CHL kostet Davos einen sechsstelligen Betrag

Der HC Davos startet am Freitagabend in die Champions Hockey League – sportlich mit grossen Ambitionen, finanziell jedoch mit einem erheblichen Risiko. Der Rekordmeister rechnet durch seine Teilnahme am europäischen Wettbewerb mit einem Minus im tiefen sechsstelligen Bereich. Damit rückt unmittelbar vor dem ersten CHL-Spiel der Bündner eine grundsätzliche Frage in den Fokus: Lohnt sich Europas wichtigster Clubwettbewerb im Eishockey für die Teilnehmer überhaupt?

Für Davos beginnt die europäische Saison am Freitag mit dem Heimspiel gegen den norwegischen Meister Storhamar. Gleichzeitig empfängt Genève-Servette die Eisbären Berlin.

Schweizer Meister Fribourg-Gottéron hat bereits vorgelegt und am Donnerstagabend auswärts bei den Graz99ers mit 4:2 gewonnen.

Erst der Halbfinal bringt offenbar Geld

Das finanzielle Problem der Champions Hockey League besteht nicht erst seit dieser Saison.

Erfahrungen der vergangenen Jahre zeigen, dass sich eine Teilnahme für viele Clubs erst dann wirklich rechnet, wenn sie mindestens den Halbfinal erreichen. Davor können Reise-, Hotel- und Organisationskosten höher ausfallen als die ausbezahlten Prämien.

Besonders aufwendig sind internationale Reisen mit einem kompletten Eishockeyteam. Neben Spielern und Trainern müssen Betreuer, Material und umfangreiche Ausrüstung transportiert werden.

Der HC Davos kalkuliert deshalb für die laufende CHL-Kampagne mit einem Verlust im tiefen sechsstelligen Bereich.

HCD-CEO Marc Gianola machte gegenüber SRF deutlich, dass frühere Teilnahmen den Club bereits viel Geld gekostet hätten.

Davos sieht trotzdem einen sportlichen Vorteil

Auf den Wettbewerb verzichten möchte Davos deshalb allerdings nicht.

Sportlich bietet die Champions Hockey League den Schweizer Teams Begegnungen mit Spitzenclubs aus Schweden, Finnland, Tschechien, Deutschland und weiteren europäischen Ligen.

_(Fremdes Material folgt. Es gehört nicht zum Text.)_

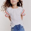 Atidžiau pažvelkite į šį išsamų viršų. reikia grožėtis išsiuvinėtomis broderio detalėmis. jai suteiktas galutinis žydėjimas su dailiu gėlių raštu.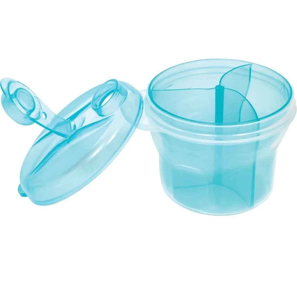 Pote Dosador Para Leite Em Pó Com 3 Compartimento Divisória Rosa Azul 300 ml Buba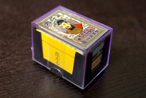 かるたは、丁寧に包装紙に包まれており、封がされています。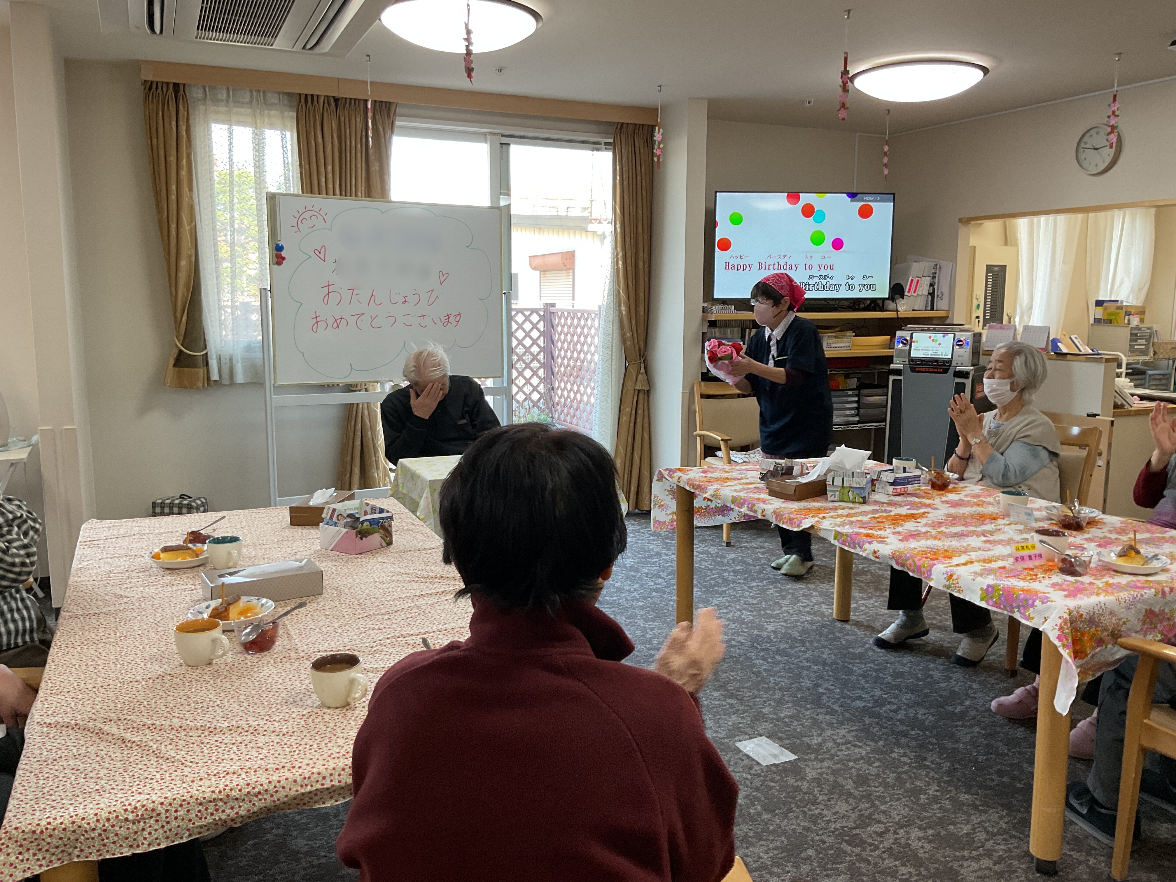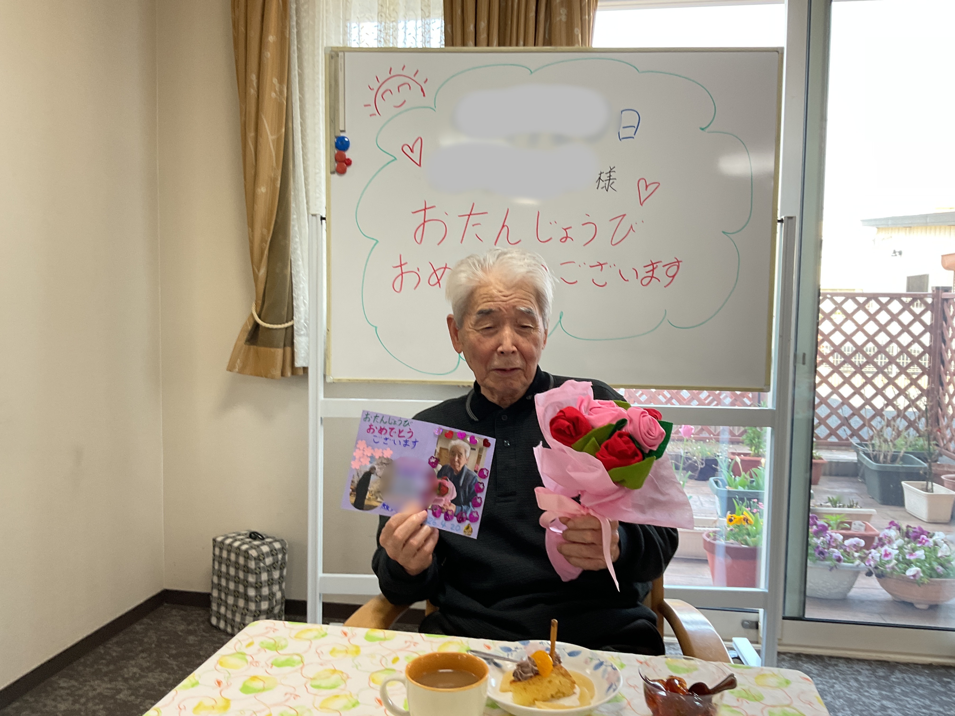 お二人の利用者様が誕生日を迎えられました🎉ちょっぴり恥ずかしそうに、かたや凛とした笑顔で写真に収まってくださいました。ハッピバースデーを皆で歌いながら「来年もまたお祝いさせてください❤️」と密かに心の中で願うのでした😊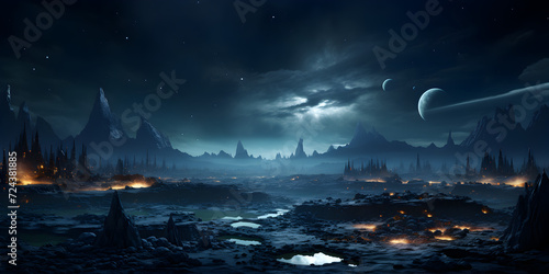 Surface of dark planet with moon in space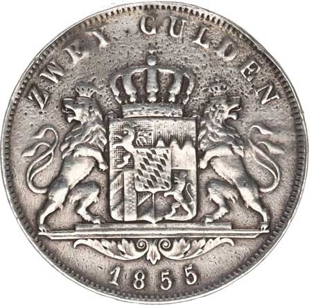 | 3230. | 2 Gulden 1855 - typ s erbem KM 446 21,057 g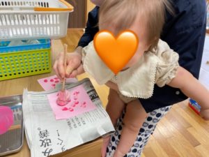 今日は初めての手形スにスタンプとポン筆をしました。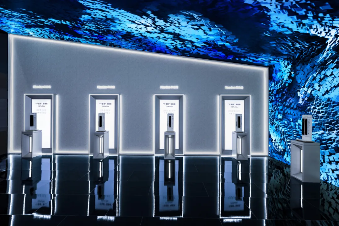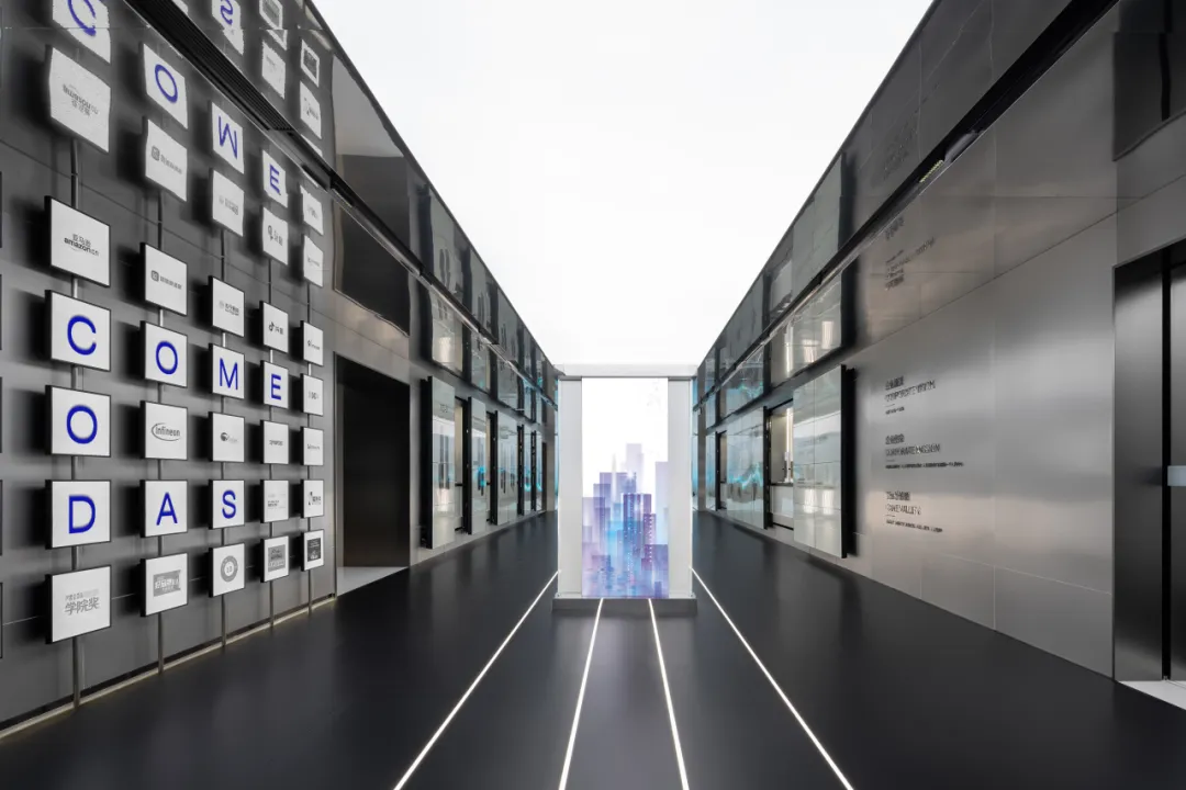 展厅塑造了“七分科技三分温度”的空间调性,运用长达21m的特色品牌轴、5.75m*2.72m巨型3D全息屏以及14组通顶液晶滑轨屏矩阵,打造出沉浸式的未来「仕」界,徐徐展开「产品硬实力」和「企业软实力」的品牌故事,为来访者带来了更多的视觉惊喜和情感共鸣。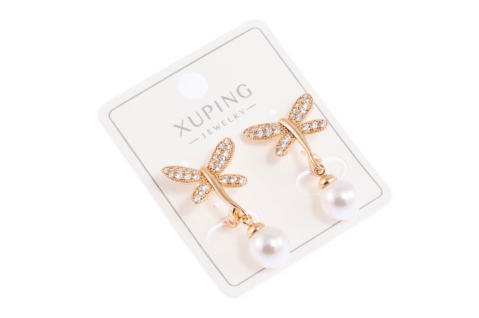 Eleganckie, wiszące kolczyki w kształcie ważek. Kolczyki są w kolorze złotym z białymi perłami.Wymiary kolczyków: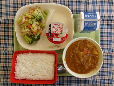 12/18(木) 投稿: HP担当 (17:27) ★有機米ごはん・牛乳・ポークカレー・フレンチサラダ・カップdeヤクルトヨーグルト★ 給食のカレーには、かくし味として、ある調味料が入っています。それは、何でしょう・・・? 1 ケチャップ 2 しょうゆ 3 マヨネーズ 答えは、1のケチャップです🍅 調理員の皆さん、いつも美味しい給食を、ありがとうございます! -

Für den HCD beginnt die internationale Saison zudem vor dem Start der National League. Die intensiven Partien sollen der Mannschaft helfen, bereits auf einem hohen Wettkampfniveau in die Schweizer Meisterschaft zu gehen.

Gerade für Davos und Genève-Servette wird die Vorrunde allerdings auch logistisch anspruchsvoll. Beide Clubs müssen während der Ligaphase zweimal nach Schweden reisen.

Fribourg-Gottéron hat diesbezüglich ein günstigeres Programm. Der Schweizer Meister bestreitet zunächst zwei Spiele in Österreich und muss später nur noch nach Herning in Dänemark reisen.

Wie Gottéron am Donnerstag mit einem späten Schlussspurt seinen ersten Sieg holte, zeigt der Bericht über den 4:2-Erfolg von Fribourg-Gottéron bei den Graz99ers.

CHL steht vor entscheidenden Jahren

Die finanzielle Diskussion erhält zusätzliche Bedeutung, weil der europäische Wettbewerb vor einer wichtigen Weichenstellung steht.

2028 läuft der aktuelle Vertrag mit der Vermarktungsagentur Infront aus. Wie die wirtschaftliche Struktur der Champions Hockey League danach aussehen wird, ist öffentlich noch nicht geklärt.

Für die Clubs ist die Ausgangslage schwierig: Einerseits bietet der Wettbewerb internationale Sichtbarkeit und sportlich attraktive Begegnungen. Andererseits darf die Teilnahme nicht dauerhaft zu einem finanziellen Verlustgeschäft werden.

Gianola spricht sich deshalb grundsätzlich für den Fortbestand der Champions Hockey League aus, fordert gleichzeitig aber eine wirtschaftlich tragfähige Lösung für die beteiligten Vereine.

Für Davos zählt zunächst das Sportliche. Gegen Storhamar beginnt am Freitagabend die Jagd auf die ersten Punkte.

Doch unabhängig vom Resultat bleibt eine bemerkenswerte Tatsache: Selbst einer der bekanntesten und traditionsreichsten Eishockeyclubs der Schweiz muss für seine Teilnahme an Europas höchstem Clubwettbewerb mit einem sechsstelligen Minus rechnen.